The thing is that this started happening 3 months ago when we had Percona Server 5.5.
We upgraded to 5.6 and the problem persists.
Any ideas?
Also DROP DATABASE takes a lot to complete.
Hi ion.dulgheru;
Chances are this is related to poor disk performance. If it used to be fast, then I would figure out what changed at the time things started to go bad. Look at the overall host usage to see if that has increased and is causing i/o wait.
Try looking at the hardware itself. Things like RAID level, file system type (i.e. ext3), and then the underlying hardware itself (drives and RAID controllers) have a large impact on the performance. You might have a failing disk in the RAID setup, or a failing RAID controller (you said it’s a virtual server, so what you can do hardware wise depends on where the VM is hosted).
Look at any configuration that might have changed, or maybe another service that was installed on the server that is driving up i/o wait.
Basically things do not just change for no reason; either something broke, someone changed something, or the activity level on the host changed enough to cause degraded performance.
-Scott
Hi Scott
Thanks for your reply.
After I gathered more data with sysstat I also suspect poor disk performance.
Are there any improvements I can make to the filesystem until the disk problem is fixed?
I read about improvements like this one from fstab:
UUID=xxxx /mnt/mysql ext4 defaults,noatime,nodirtime,data=writeback,barrier=0,nobh,dioread_nolock 0 1
I know that some of the above are not recommended for data integrity.
Hi ion.dulgheru;
Below are a few articles you could read for things to try. What will work in your situation will vary, so you would just have to run some benchmarks to look for improvements:
[url]http://dev.mysql.com/doc/refman/5.5/en/disk-issues.html[/url]
[url]http://www.percona.com/blog/2013/09/20/innodb-performance-optimization-basics-updated/[/url]

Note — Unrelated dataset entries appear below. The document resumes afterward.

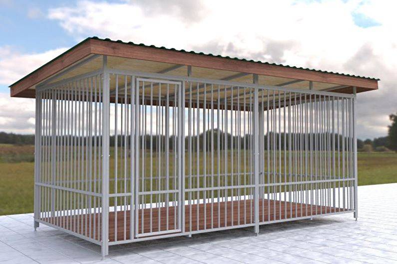Вольер-клетка ограничивает пространство для животного не только по бокам, но и сверху. Из такого заграждения собаке невозможно выбраться самостоятельно. Их используют для кратковременного содержания средних пород или для постоянного проживания мелких питомцев.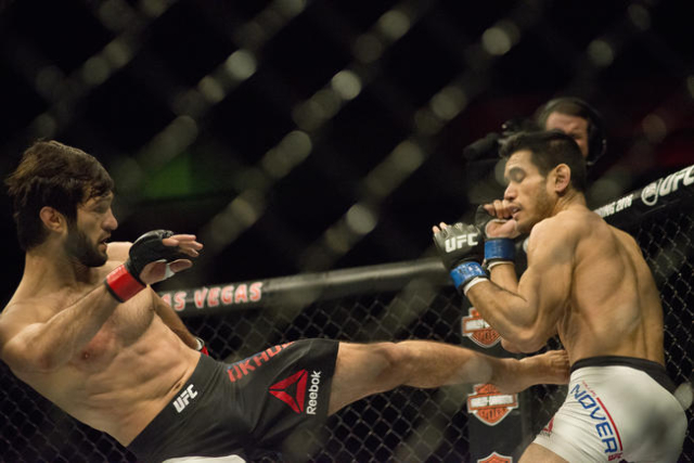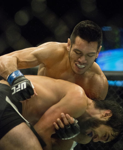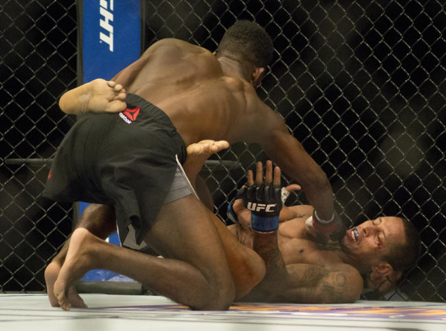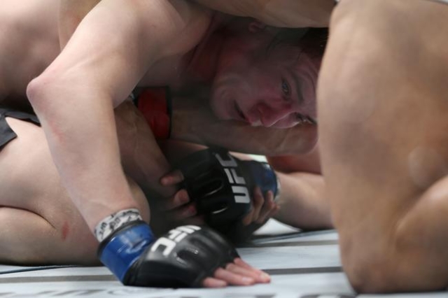 Sterling improved to 12-0 overall and 4-0 in the UFC by securing a guillotine choke after battering Eduardo with punches and elbows on the mat against the cage.
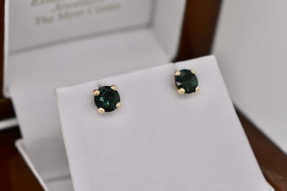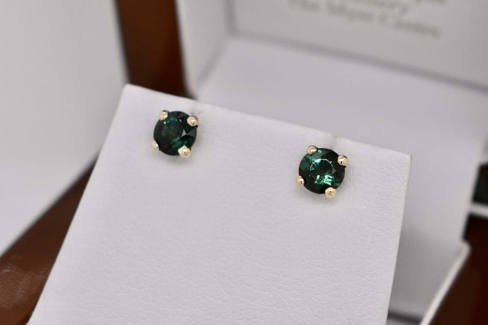 Handmade four claw 9ct yellow gold studs with posts and butterfly fittings featuring 5.8mm faceted green tourmalines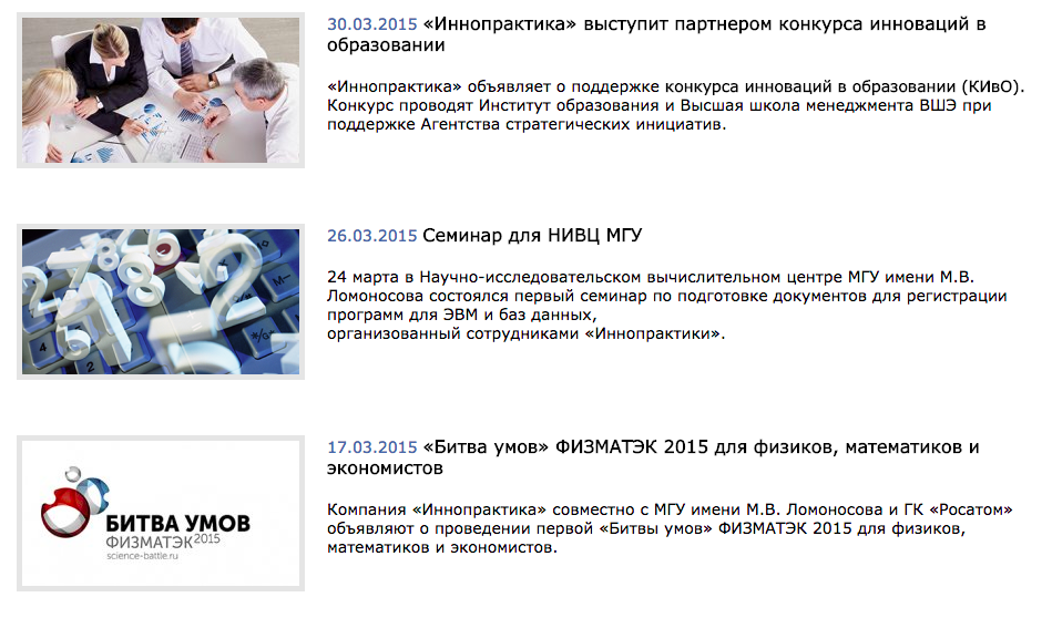 Что же касается какой-либо конкретики, мы видим, что Иннопрактика организовывает конкурсы для студентов и семинары.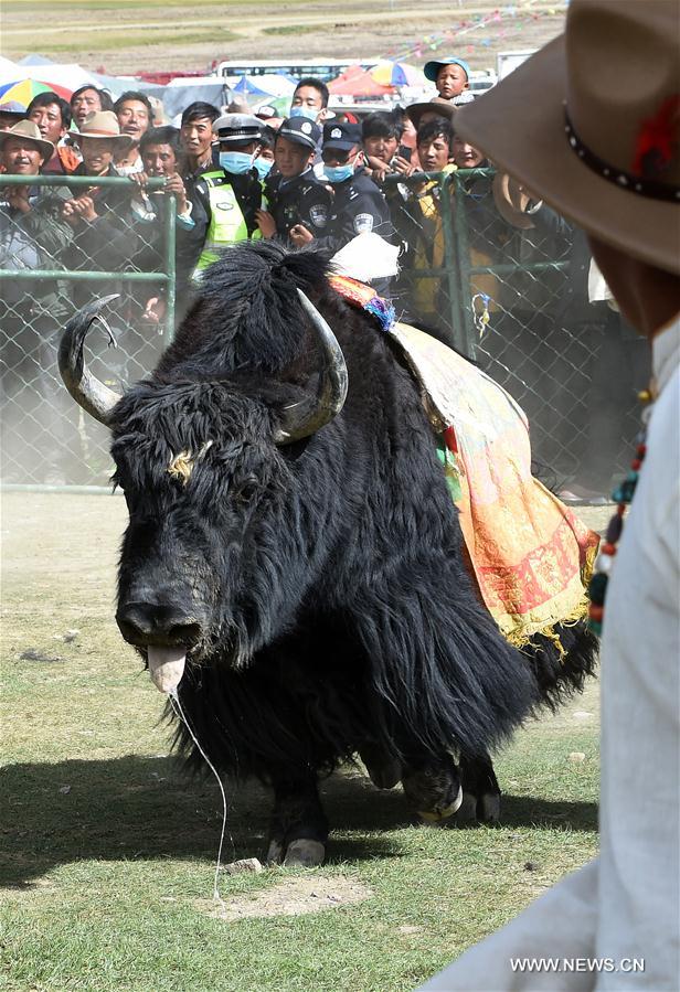 A yak wins during a bullfighting festival in a township of Xigaze City, southwest China's Tibet Autonomous Region, Sept. 8, 2016. A bullfighting festival was held on the Damxung Grassland in Xigaze on Thursday. (Xinhua/Chogo)

Since you are running on a virtual machine, what you can do from within the VM is more limited. Since you are really just sitting on top of the physical hardware, you will always be limited by the host hardware and config. But depending on if you own the host running the VM, you might be able to apply some of the same changes to the host itself which will then benefit the VM.